### AIM OF THE TASK
Return only the lines below starting at the line containing "Ушат шайка Банные" and ending at the line containing "Bracelet tressé multi-tours, en", both included, exactly as they are and with no pictures.

### TASK INPUT
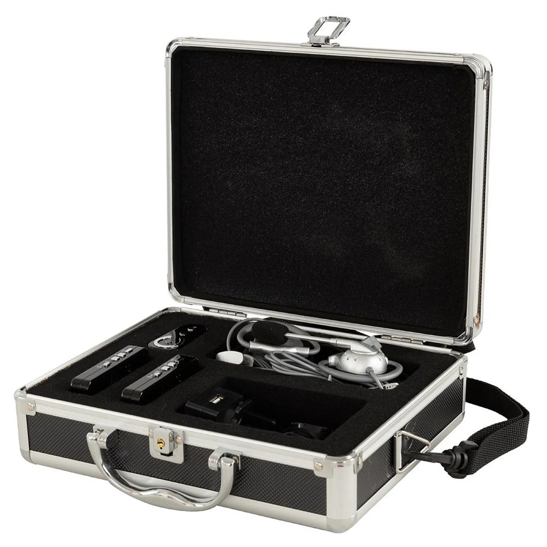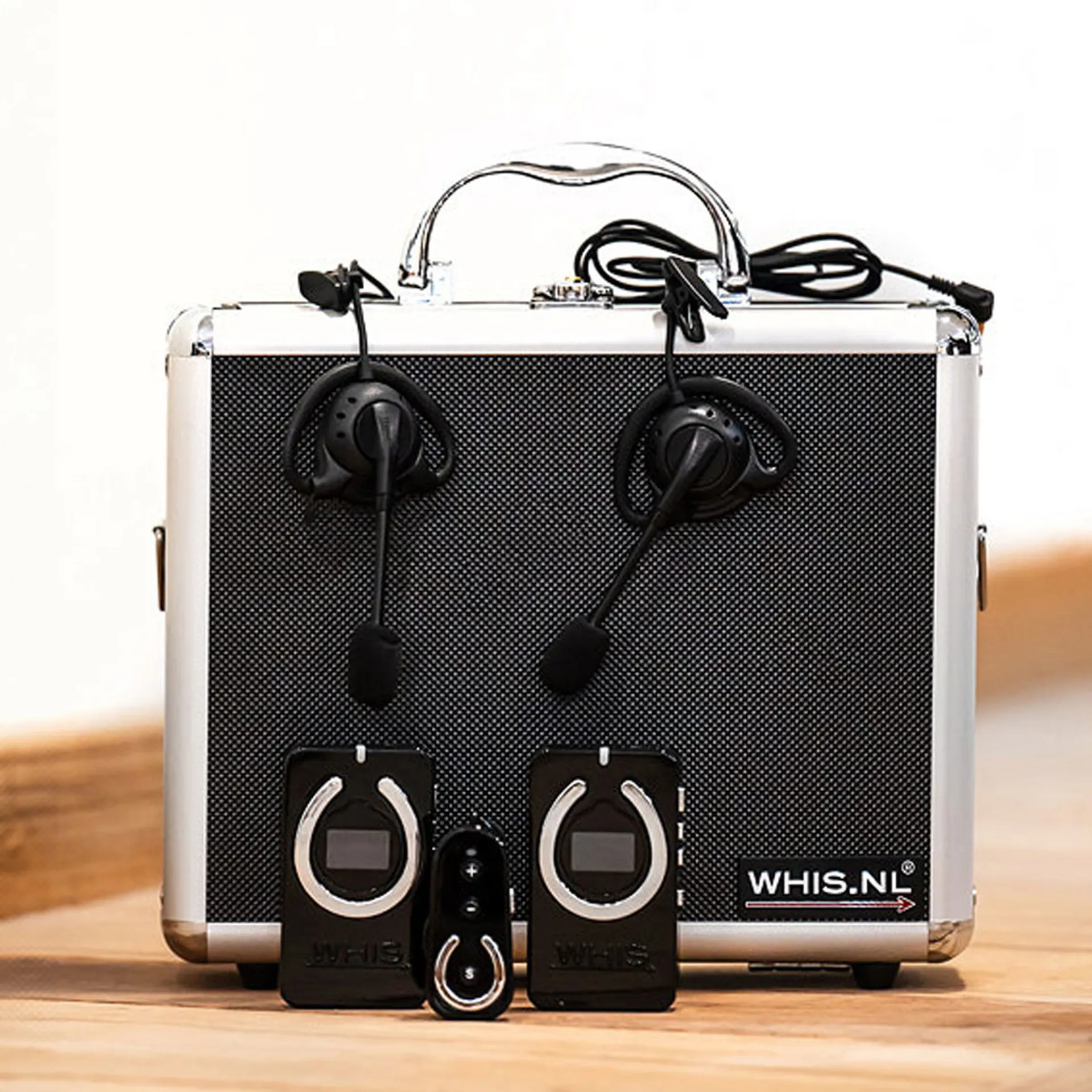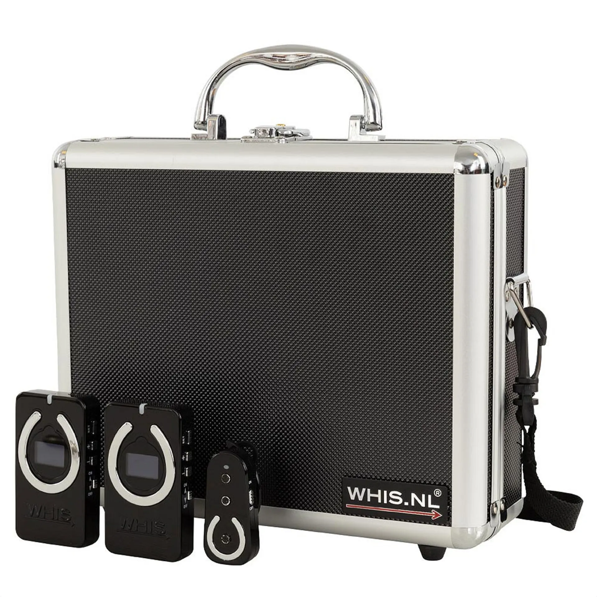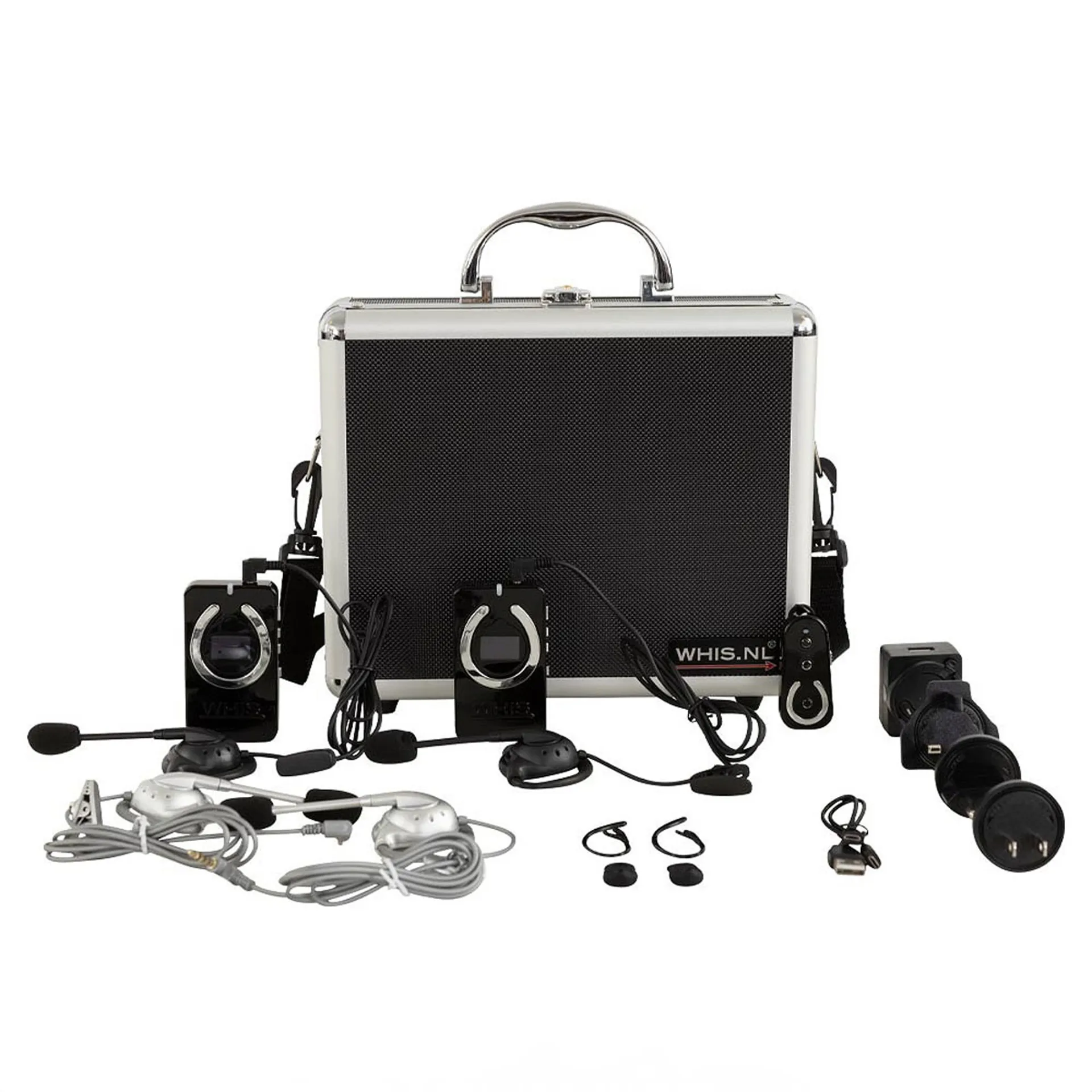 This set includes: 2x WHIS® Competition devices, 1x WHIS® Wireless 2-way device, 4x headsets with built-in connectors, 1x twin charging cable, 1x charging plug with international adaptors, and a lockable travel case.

==

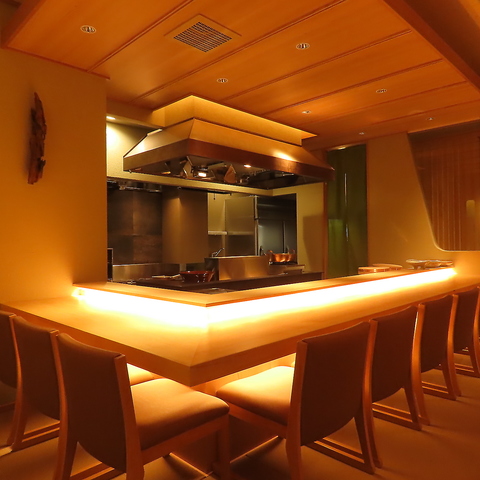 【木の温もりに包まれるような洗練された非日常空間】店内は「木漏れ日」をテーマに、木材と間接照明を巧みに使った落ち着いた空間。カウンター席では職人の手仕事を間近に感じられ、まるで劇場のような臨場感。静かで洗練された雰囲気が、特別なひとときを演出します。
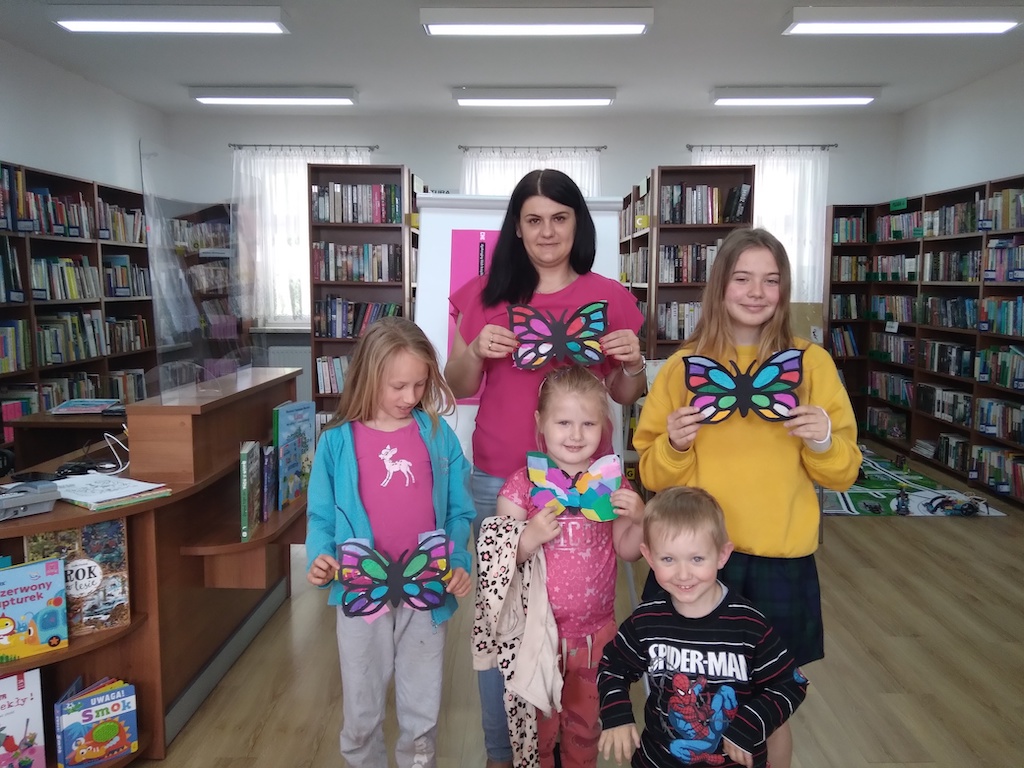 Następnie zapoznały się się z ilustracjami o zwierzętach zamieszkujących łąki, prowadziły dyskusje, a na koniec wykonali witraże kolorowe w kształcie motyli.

* * *

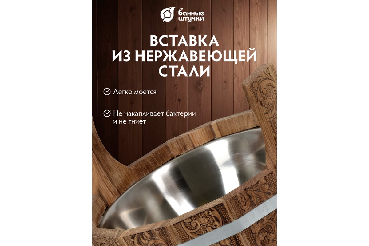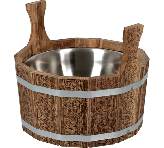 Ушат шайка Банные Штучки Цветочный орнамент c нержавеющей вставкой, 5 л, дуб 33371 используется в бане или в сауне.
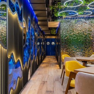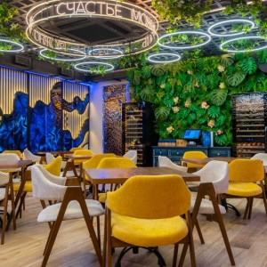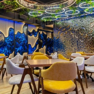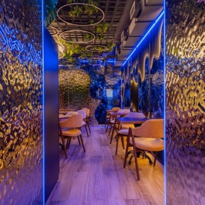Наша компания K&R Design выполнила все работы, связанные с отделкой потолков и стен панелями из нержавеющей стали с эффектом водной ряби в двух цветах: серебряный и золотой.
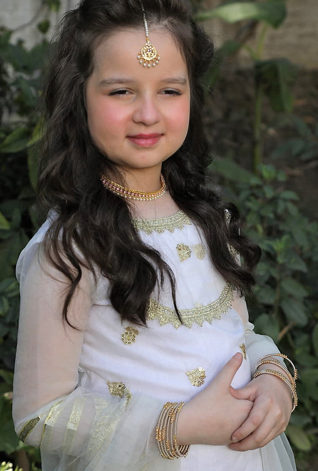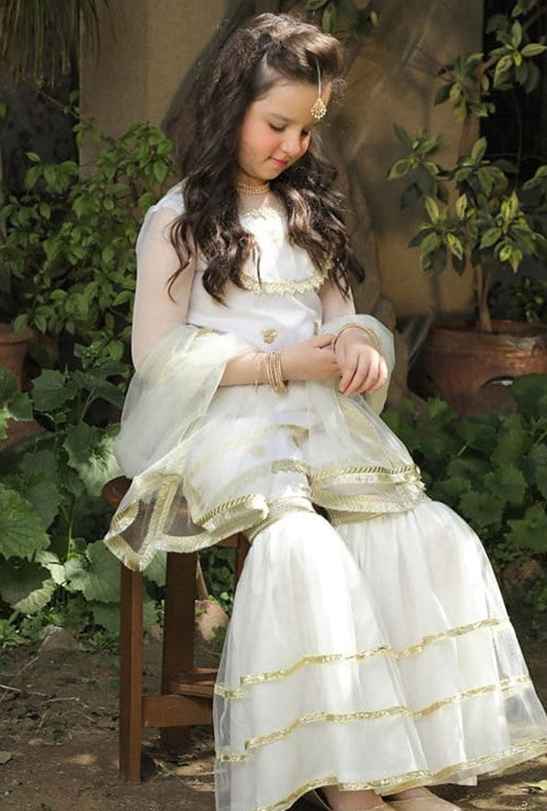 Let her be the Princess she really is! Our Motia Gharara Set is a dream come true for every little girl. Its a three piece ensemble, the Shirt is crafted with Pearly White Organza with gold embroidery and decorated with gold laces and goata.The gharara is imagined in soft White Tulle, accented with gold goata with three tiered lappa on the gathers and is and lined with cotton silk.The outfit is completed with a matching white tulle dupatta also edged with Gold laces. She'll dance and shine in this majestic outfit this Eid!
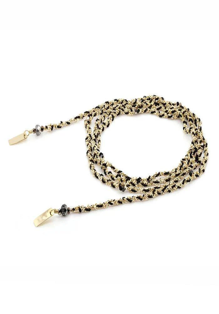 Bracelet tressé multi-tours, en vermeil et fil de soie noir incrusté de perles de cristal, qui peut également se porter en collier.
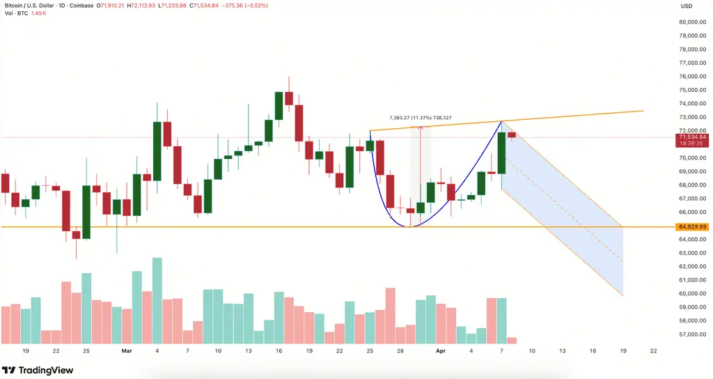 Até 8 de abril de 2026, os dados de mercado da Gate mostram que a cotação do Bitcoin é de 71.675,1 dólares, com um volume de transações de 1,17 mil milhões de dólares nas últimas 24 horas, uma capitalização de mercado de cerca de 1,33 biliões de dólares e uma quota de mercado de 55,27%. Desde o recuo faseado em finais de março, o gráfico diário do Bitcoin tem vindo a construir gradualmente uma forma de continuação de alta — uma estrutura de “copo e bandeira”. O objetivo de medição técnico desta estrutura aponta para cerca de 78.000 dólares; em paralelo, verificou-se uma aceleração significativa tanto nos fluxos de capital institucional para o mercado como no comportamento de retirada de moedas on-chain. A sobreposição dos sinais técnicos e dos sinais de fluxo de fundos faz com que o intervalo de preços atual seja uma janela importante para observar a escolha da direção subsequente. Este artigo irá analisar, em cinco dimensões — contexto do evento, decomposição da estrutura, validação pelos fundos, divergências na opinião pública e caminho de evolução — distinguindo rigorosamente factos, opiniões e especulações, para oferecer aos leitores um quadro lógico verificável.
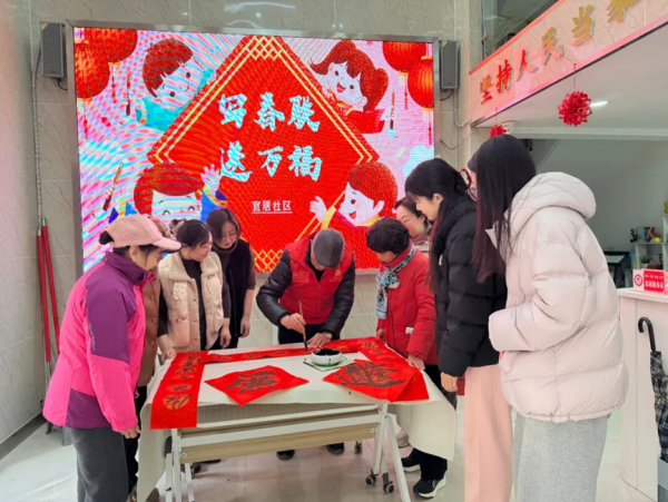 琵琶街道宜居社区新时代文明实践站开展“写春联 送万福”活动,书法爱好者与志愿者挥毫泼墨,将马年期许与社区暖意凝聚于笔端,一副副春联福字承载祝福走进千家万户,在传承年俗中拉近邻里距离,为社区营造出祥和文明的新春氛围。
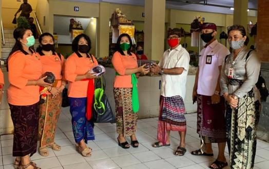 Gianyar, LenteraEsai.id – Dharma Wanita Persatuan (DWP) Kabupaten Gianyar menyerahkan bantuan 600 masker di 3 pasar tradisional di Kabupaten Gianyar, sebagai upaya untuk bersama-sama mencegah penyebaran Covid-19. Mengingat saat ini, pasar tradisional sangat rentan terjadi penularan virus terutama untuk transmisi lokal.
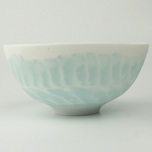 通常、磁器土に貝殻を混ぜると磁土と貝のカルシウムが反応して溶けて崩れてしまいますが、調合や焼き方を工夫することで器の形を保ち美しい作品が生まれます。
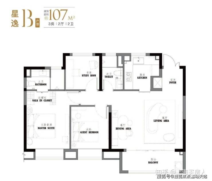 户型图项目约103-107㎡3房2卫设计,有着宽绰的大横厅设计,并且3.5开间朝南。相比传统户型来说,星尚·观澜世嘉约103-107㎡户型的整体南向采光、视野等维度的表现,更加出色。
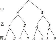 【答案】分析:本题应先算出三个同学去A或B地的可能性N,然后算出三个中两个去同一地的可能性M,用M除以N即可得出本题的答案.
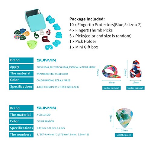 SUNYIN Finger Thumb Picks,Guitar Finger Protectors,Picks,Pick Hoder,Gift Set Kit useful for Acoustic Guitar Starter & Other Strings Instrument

### COMPLETED EXERCISE
 Ушат шайка Банные Штучки Цветочный орнамент c нержавеющей вставкой, 5 л, дуб 33371 используется в бане или в сауне.
Наша компания K&R Design выполнила все работы, связанные с отделкой потолков и стен панелями из нержавеющей стали с эффектом водной ряби в двух цветах: серебряный и золотой.
 Let her be the Princess she really is! Our Motia Gharara Set is a dream come true for every little girl. Its a three piece ensemble, the Shirt is crafted with Pearly White Organza with gold embroidery and decorated with gold laces and goata.The gharara is imagined in soft White Tulle, accented with gold goata with three tiered lappa on the gathers and is and lined with cotton silk.The outfit is completed with a matching white tulle dupatta also edged with Gold laces. She'll dance and shine in this majestic outfit this Eid!
 Bracelet tressé multi-tours, en vermeil et fil de soie noir incrusté de perles de cristal, qui peut également se porter en collier.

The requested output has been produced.